In the 21st century, we are faced with the rapid development of multidisciplinary sciences, where information technology plays a key role. One of the areas of interest where these technologies are being actively applied is chemoinformatics. chemoinformatics). The definition given by I. Gasteiger sounds like this, Chemoinformatics is the application of computer science methods to solve chemical problems [1].

Why is chemoinformatics needed?

Currently, according to one of the largest chemical databases, PubChem, more than 100 million organic molecules are known to mankind. [2]. It would seem to be a very large number, but the size of the entire chemical space is estimated to be staggering. 10^180 substances that can potentially be synthesized [3]. This is a hundred orders of magnitude greater than the number of atoms in the universe. Having methods for navigating in known and unknown areas of chemical space is critically important, because among the unknown 10^180 substances there are probably many useful compounds – these are new drugs, dyes, agrochemicals, fragrances for perfumes, materials for electronics and other materials important to people.

The scale of even the part of chemical space we know requires the use of big data analysis methods. This was one of the reasons for the emergence of a discipline at the intersection of chemistry and IT – chemoinformatics. But what exactly does chemoinformatics do in an applied sense? The main directions are shown in the diagram below.

1. Prediction of properties

There are many properties that are successfully predicted using machine learning and/or computer modeling methods. These include various physicochemical parameters (solubility, lipophilicity), biological activity, reactivity, and many others. [4,5,6,7]. In this article, we will consider toxicity prediction due to the importance of this parameter. Every year, about several million new substances are synthesized, but the safety profile is established for only about 10 thousand. This means that within 1 year we establish the toxicity of compounds synthesized Total in 1 day.

There is a serious lag in the speed of experimental testing of the toxicity of new molecules from the speed of their synthesis. But even if all the scientific and technical potential of humanity were aimed at toxicological profiling for all new substances, could we do it? Let's look at an example. To register a pesticide in the United States, about 80 toxicity tests are required, their total cost is estimated at more than $20 million [8]. Toxicity is a very multifaceted concept that requires dozens of experiments. The cost of some of them according to the US Environmental Protection Agency (EPA):

  • Acute toxicity (fish) $17,000

  • Chronic toxicity (daphnia) $180,000

  • Carcinogenicity (rats and mice) $2,100,000.

In accordance with the above data, a total experimental determination of toxicity for all new compounds seems, indeed, unrealistic from the point of view of the colossal expenditure of resources on this task.
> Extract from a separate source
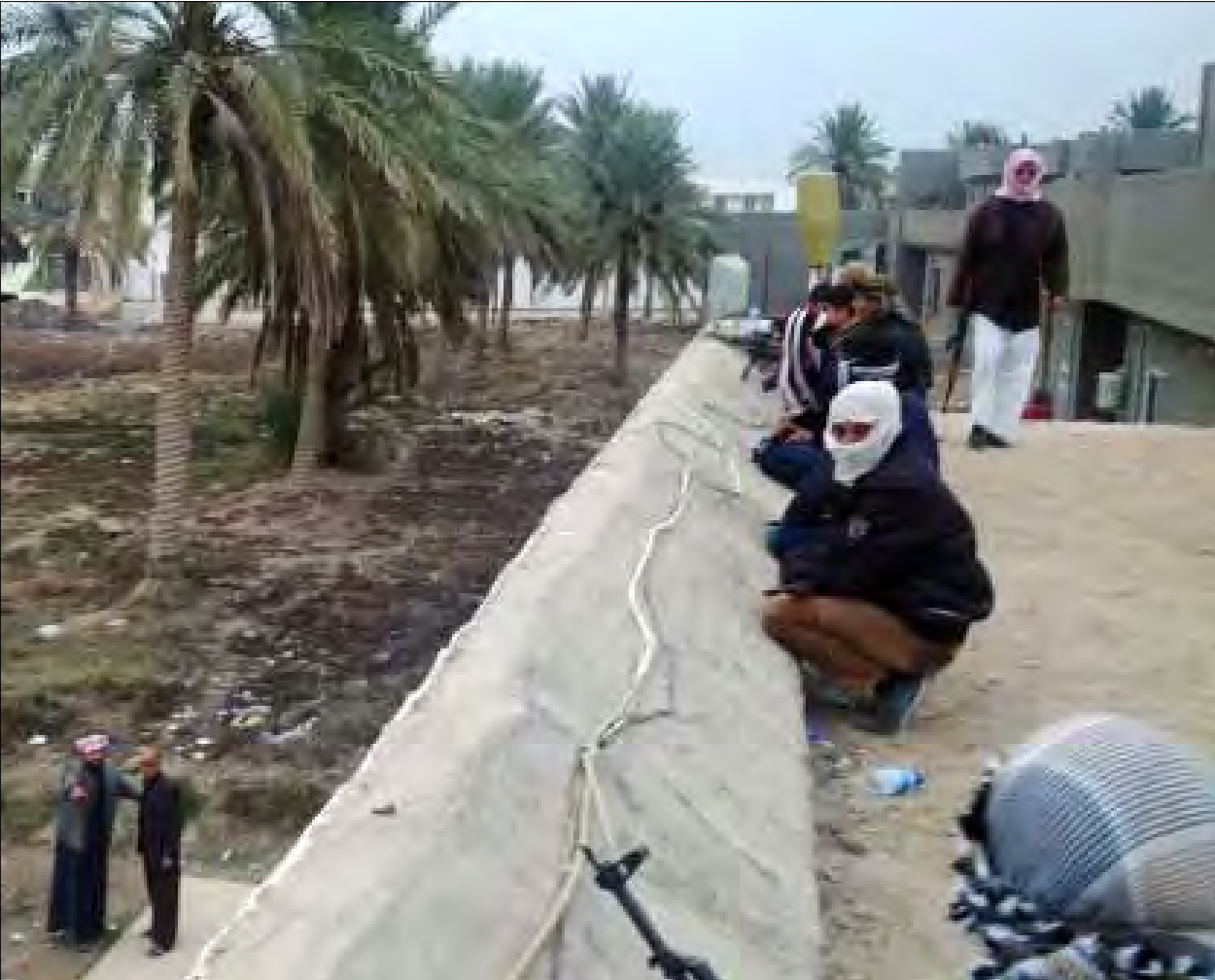
قتل 15 من مسلحي العشائر خلال الإشتباكات مع قوات الأمن

In addition, toxicity is in most cases assessed on laboratory animals, the scale of which is currently used worldwide at almost 200 million per year. [9]. There is even a series of cartoons dedicated to their protection. Received particular fame Ralph the rabbit. It is ethically preferable to avoid testing on animals, which is enshrined, for example, in the EU REACH regulation [10].

Modern approaches allow us to create alternative solutions that reduce the cost of profiling by orders of magnitude, and also do not raise ethical issues associated with animal experiments – this is a prediction of toxicity in silico, that is, by using computational technologies. Of course, there is a certain error in predictive modeling, but at least it helps to prioritize research and minimize animal waste. Moreover, the use of these methods reduces the risks for volunteers participating in clinical trials.

There are already a number of digital tools that can predict the toxicity of substances, including a number of methods developed by Russian scientists [11, 12]. Using the Sintelli digital platform based on these methods, more than 40 toxicity parameters can be predicted [13].

2. Design of substances and materials

There are tools that allow you to generate a molecule with specified properties. There are many uses for this, but in this article we will focus on medicines. Drug development is a complex process that takes an average of 10–15 years and can cost up to $3 billion. [14], however, the use of chemoinformatics methods can significantly reduce both time and material costs (Fig. 1). R&D departments of large pharmaceutical companies can no longer exist without specialists such as cheminformatics, computational and digital chemists. The fact is that chemoinformatics significantly optimizes the solution of basic pharmaceutical problems: search for active molecules, determination of toxicity, solubility in water, permeability through the cell membrane, metabolism, interaction with blood plasma proteins, etc. Drug design using computer technologies (Computer-aided drug design) is developing at an impressive pace and the following 2 examples are especially impressive:

§ Company Insilico Medicine in 2023 announced the successful completion of preclinical studies of the INS018-055 molecule for the treatment of idiopathic pulmonary fibrosis. Interestingly, AI not only generated an active molecule, but also identified a target for treatment. To date, the molecule has successfully completed phase I clinical trials, thereby confirming the safety of use [15]. Phase II clinical trials are ongoing.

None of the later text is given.